Bölüm 12 - Usûl Nasıl?

15.8K 1K 166
                                    

Ali'yle beraber akşam namazını kılmıştık.  Ve herzamanki çay içtiğimiz mekâna doğru yürüyorduk. Yarın buluşmada neler konuşacağımız hakkında ufak çaplı dinî bir sohbet edecektik. Harbiden ne konuşacaktık yarın Şuheda'yla. Ve belkide yarından sonra Şuheda'mla.

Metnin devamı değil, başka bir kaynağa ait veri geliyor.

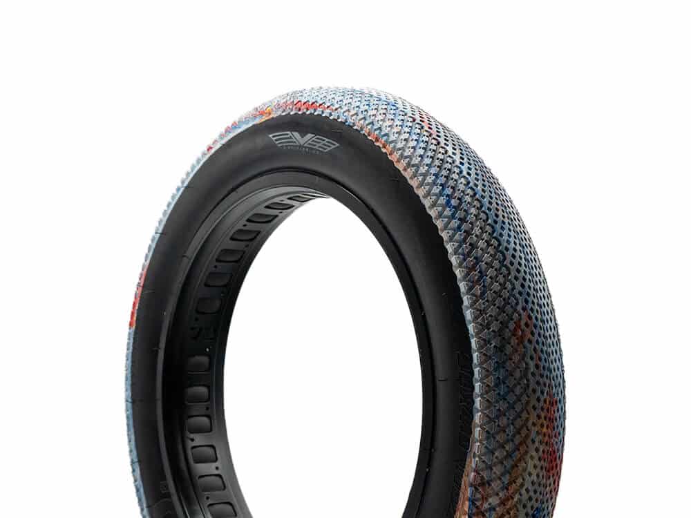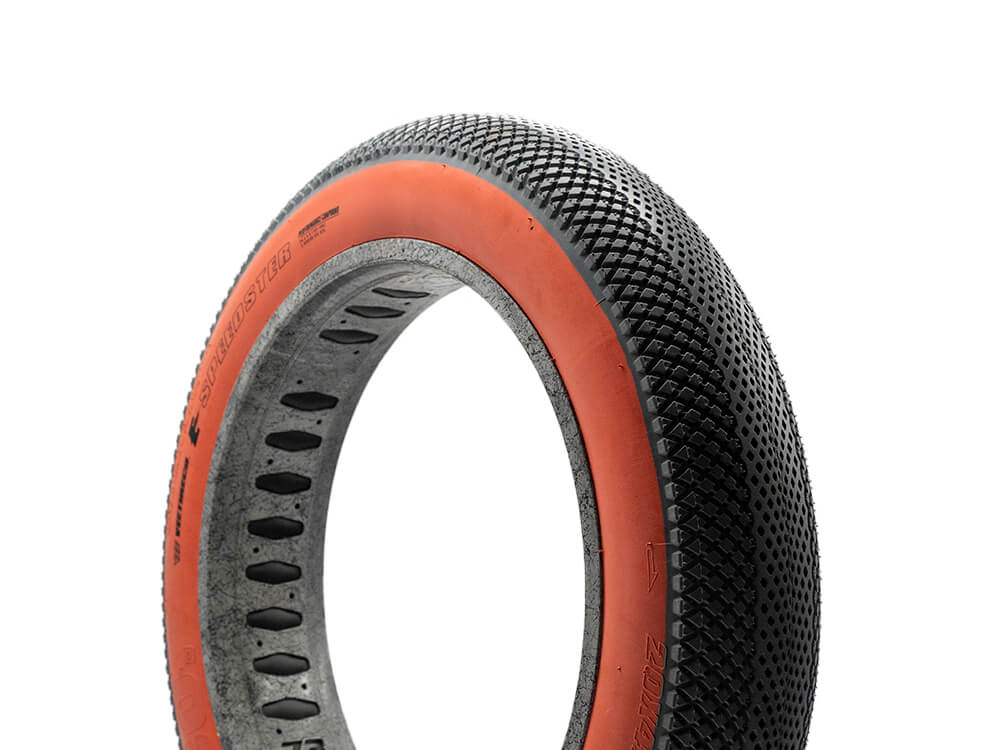 Les pneumatiques VEE Tire Co. sont parfaitement adaptés aux SUPER73. Conçus spécialement pour les vélos équipés de pneus en 20 x 4 pouces, ils offrent des performances optimales sur route comme sur piste. Le modèle Fat Bike Speedster garantit une excellente vitesse de roulement avec un minimum de résistance. Sa bande de roulement centrale en nid d’abeille assure longévité et adhérence, que la route soit sèche ou mouillée. Les flancs en losange renforcent la tenue de route en virage, tandis que la structure type ballon procure une sensation de confort et de légèreté à chaque sortie sur votre SUPER73.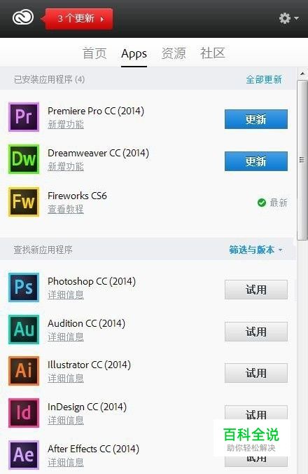 首先从adobe的英文官方网站下载creative cloud,完成安装,用注册ID登录就可以更新和下载试用。
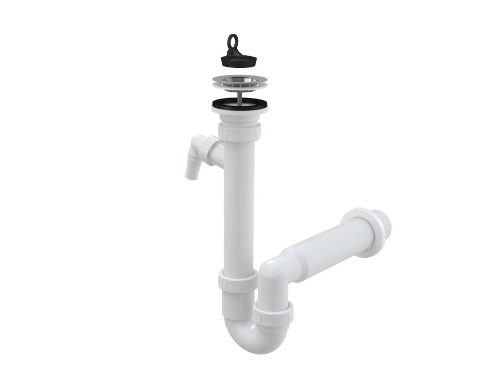 Sifón trubkový drezový DN 50 s nerezovou mriežkou Ø 70 mm a prípojkou Ø 17–23 mm, gumová zátka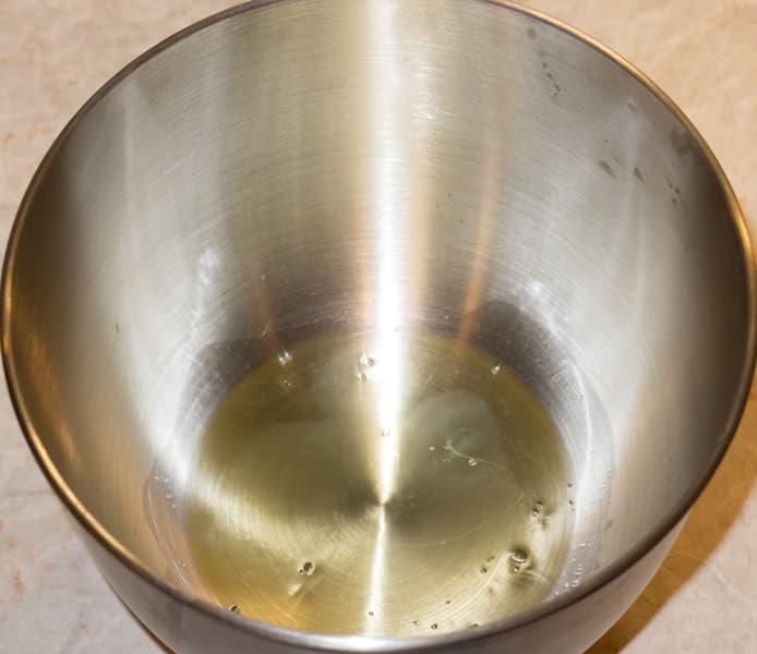 100 граммов — это три белка от яиц категории С1. Миксер небольшой, поэтому мы задали ему более сложную задачу и влили в чашу два белка от крупных яиц, что составило 75 граммов. Соответственно уменьшили количество сиропа: 150 г сахара и 75 г воды. Поставили варить сироп. Когда температура сиропа достигла 100 °C, приступили к взбиванию белков.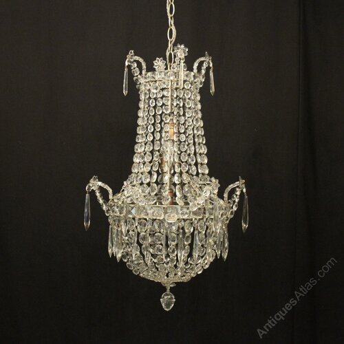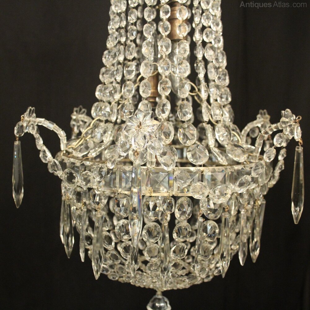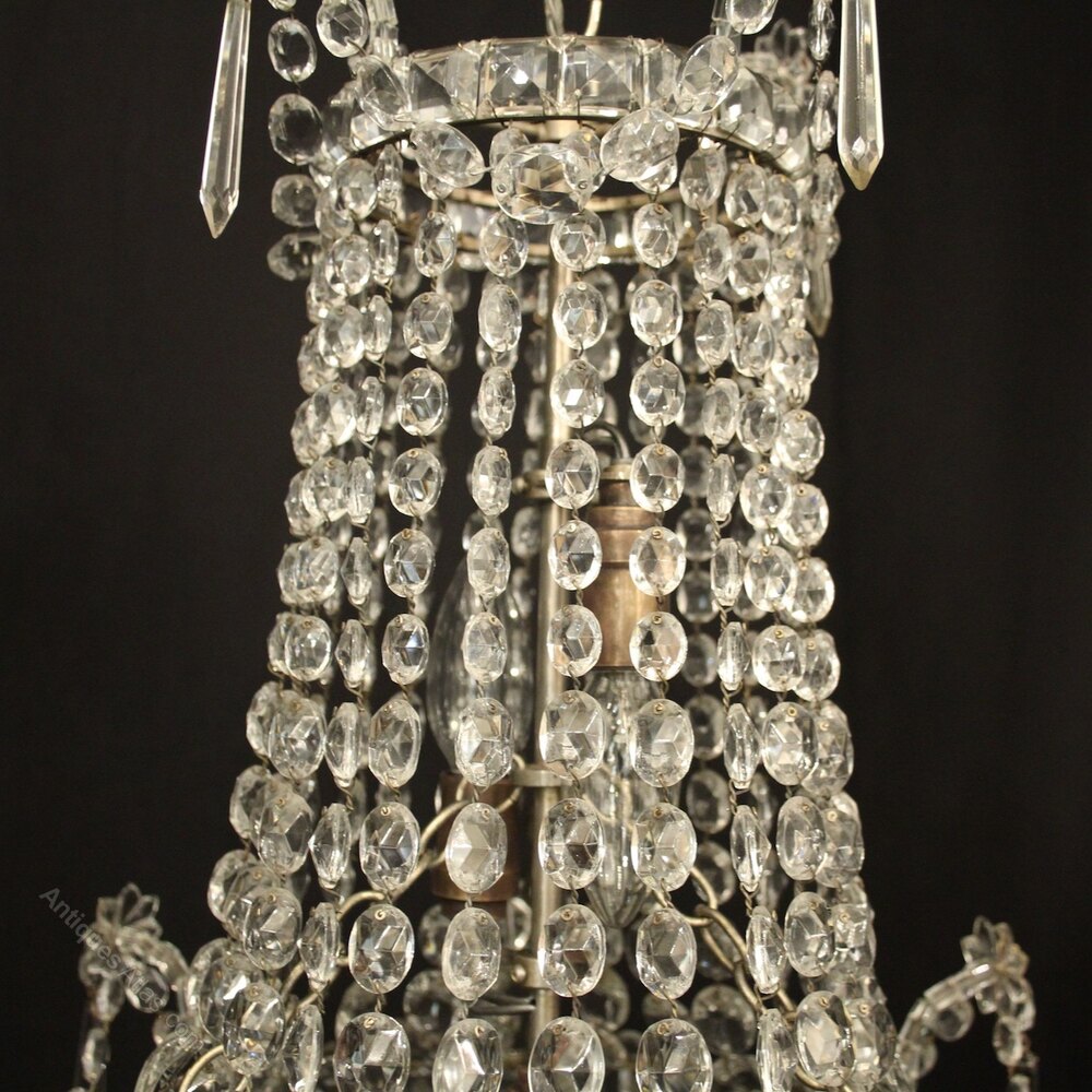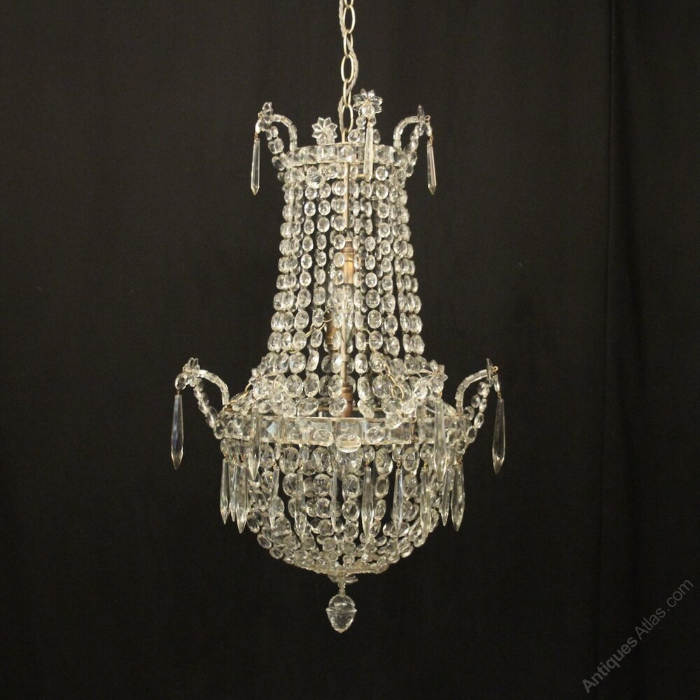 A very pretty French silver gilded crystal triple light tent & waterfall antique chandelier, the three graduated internal light fittings issuing from a central square faceted button band with icicle drops and decorated overall with graduated swaged crystal faceted pendants and floral swags. Having the original chain and ceiling rose. Fully rewired and PAT tested. All our chandeliers come with bulbs and ceiling fixings.

Bir anda düşüncelerimden Ali'nin yolda durup  yüzüme bakmasıyla ayrıldım.

"N'oldu? "

Ali soruma cevap vermeden cebinden telefonunu çıkardı ve ekranda bir şeyler yapmaya başladı.

" Oğlum n'oldu diyorum."

Ali telefonda işi bittikten sonra iki elini de havaya kaldırdı ve beklemeye başladı.  Slow bir müzik çalıyordu. Yaklaşık on saniye sonra Ali'yi de beni de bir anda havaya sokan müzik başladı.

Misket çalıyordu.

"Allah Allaaaah!" Ali bağırıp kıvırtmaya başlamıştı bile.

Bende açtım kollarımı "Hobaaa!"

"Lan oğlum,  nerden çıktı lan? Sokağın ortasında? "

Harbiden gecenin bir yarısı sokakta misket oynanmak akıl kârı değildi. Mahalle sakinlerinden biri cama çıksa olay çıkardı. 

"Ya abi, zaten senin düğün okumalı olacak. Kardeşim evleniyor lan benim! Bir tane kardeşim var! Onun için... döktüüüürrr!"

Ali böyle dedikçe içimdeki coşku tavan yapmıştı.

"Darısı başına oğlum! Kardeşim benim! "

Oynarken bir yandan konuşuyorduk.

"Anneme söyledim. "

Anneme söylediğim için üzerimden bir yük kalkmıştı. Ayrıca yanımda benden yaşça büyük bir destekçim olması iyi hissettiriyordu. Sonuçta tecrübeliydi.

" Vay, şükür namazı kıldı mı Fatıma teyze? "

"Bir dualar,  bir dualar... Akıyor hamdolsun. Ben gidince kılmıştır Allah bilir.  Lafları görsen gelinim, yavrum, kızım, evladım felan. "

Şuheda çok şanslısın, InşaAllah benim kayın validem de beni böyle bağrına basar. Gerçi damat olunca işler değişiyor ama..  İnşaAllah gülünü koparıyoruz diye çok kızmaz. İşler yolunda gider. .

" Böyle kaynanaya can kurban beeh!"   Ali bir ayağının ucunu diğerinin topuğuna vurarak, seke seke oynuyordu. 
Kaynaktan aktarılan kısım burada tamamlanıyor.